Edtech and fintech have mixed in the past through NerdWallet, a recent public personal finance platform that offers product recommendations on top of a high-margin content company. But instead of making credit card recommendations and then monetizing referral fees, Hezarkhani thinks the subscription business model better aligns with consumer interests.

Hezarkhani said that during the fundraising process, some investors argued that the best way to make money is through monetization based on advertising or lead generation. Some even said Parthean should become a bank. But he stuck to the idea that there must be an external “ubiquitous financial partner” that consumers trust. In other words, he didn’t want to become another platform that recommends credit cards for referral money.

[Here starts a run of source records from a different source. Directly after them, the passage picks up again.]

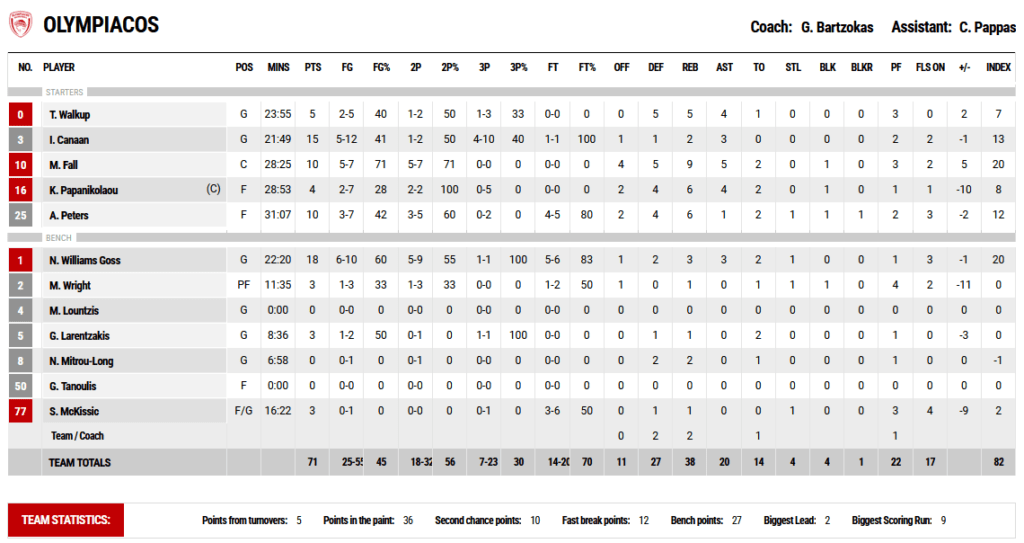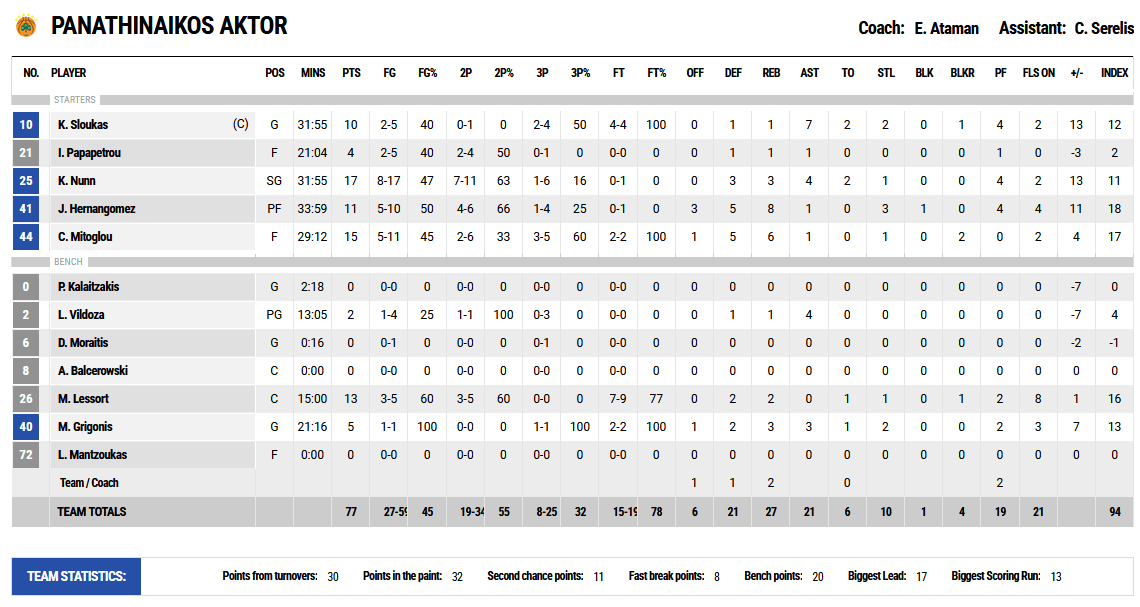 Τα δεκάλεπτα: 23-16, 38-33, 59-55, 77-71.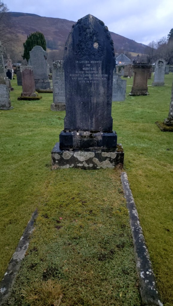 I believe the family relocated to Blair Atholl after Robert accepted a job on the Duke of Atholl’s estate. On Martha’s death registration, his occupation is listed as “wood contractor.”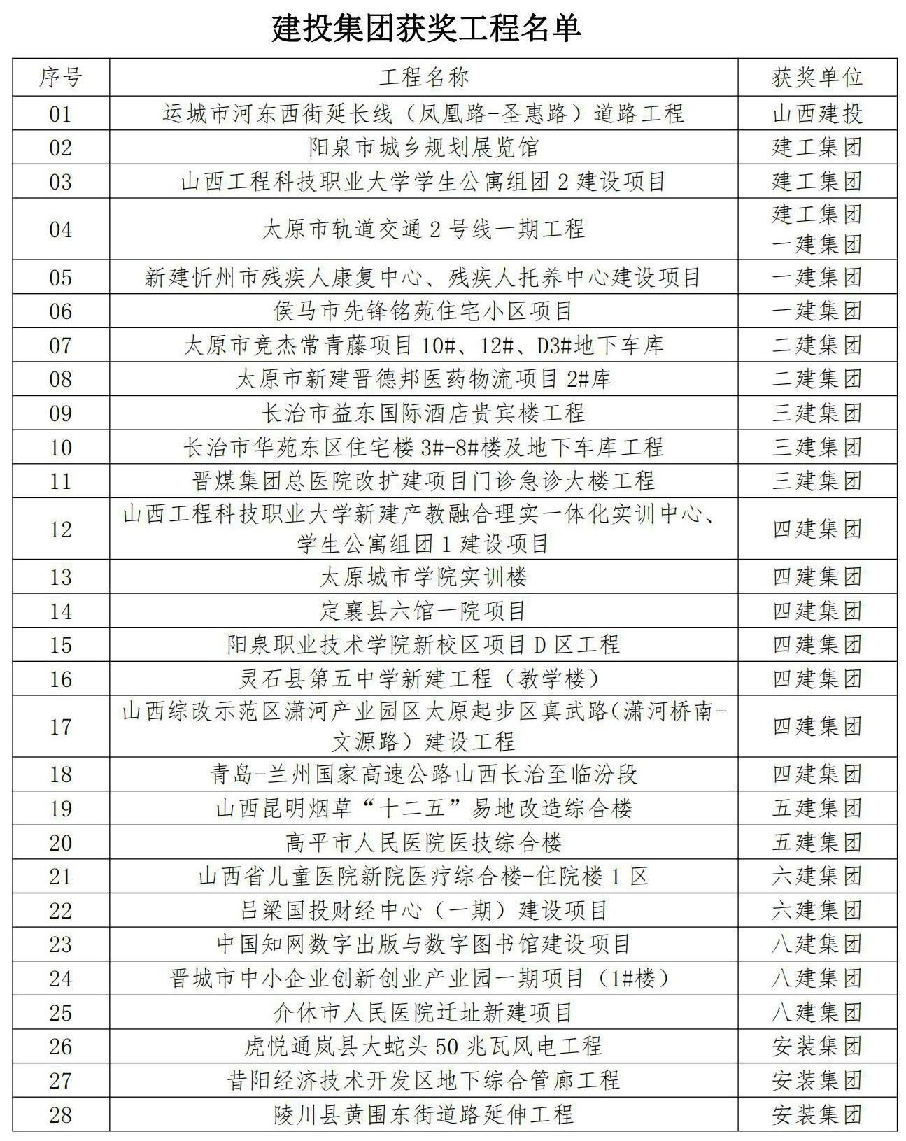 山西建投集团承建的28项工程荣获首届山西省优质工程奖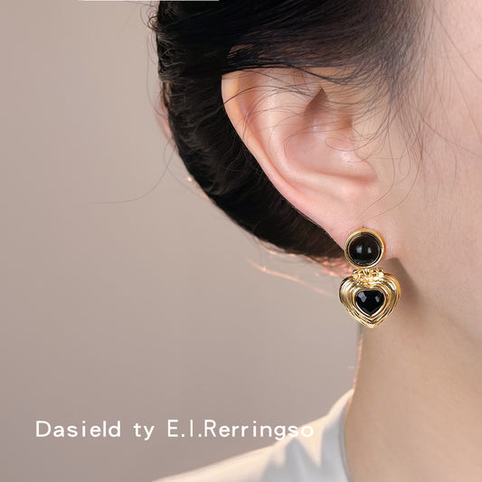 A廠【7187】秋冬爆款美拉德風文藝復古天然石虎眼石中古耳飾愛心幾何耳環 25.12-1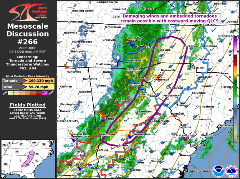 16 Mar US Mesoscale Discussions Storm Prediction Center Mesoscale Discussion 266 Monday, March 16, 2026 at 7:56 am By chris 0 comments Continue reading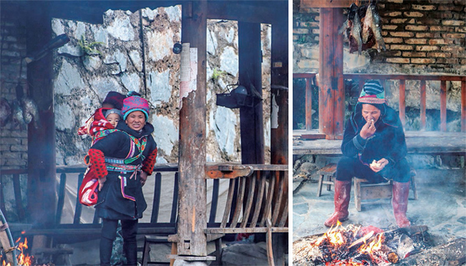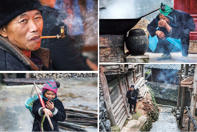 圖1-4:這樣吸煙,見過沒有?;老奶奶站在那里笑呵呵地望著我們;老奶奶在用傳統(tǒng)方法燒火;肩挑東西的侗家婦女很常見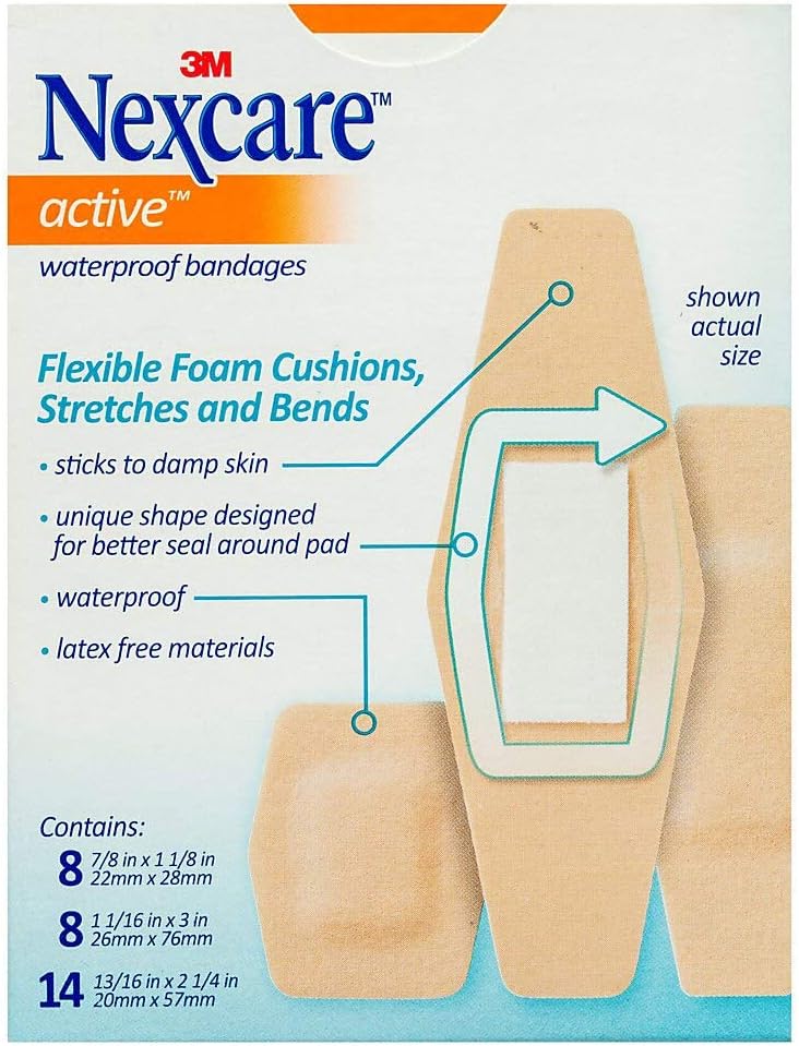 Waterproof - stays on in water and keeps water outFlexible foam cushions, stretches and sticks even to damp skinLatex free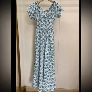 Elegant blue floral maxi dress with short sleeves. Perfect for any occasion.

“If you look at the financial market, you have crypto, you have stock investments, you have traditional retirement accounts, you have credit cards, debit cards, you even have rent – ​​what we’ve done is we said we’re not going to own a vertical here. “We’re just going to own the top tier. We want to own the user’s relationship with this market. It’s going to consolidate, it’s going to get more competitive, but we’ll always be here if that tier.”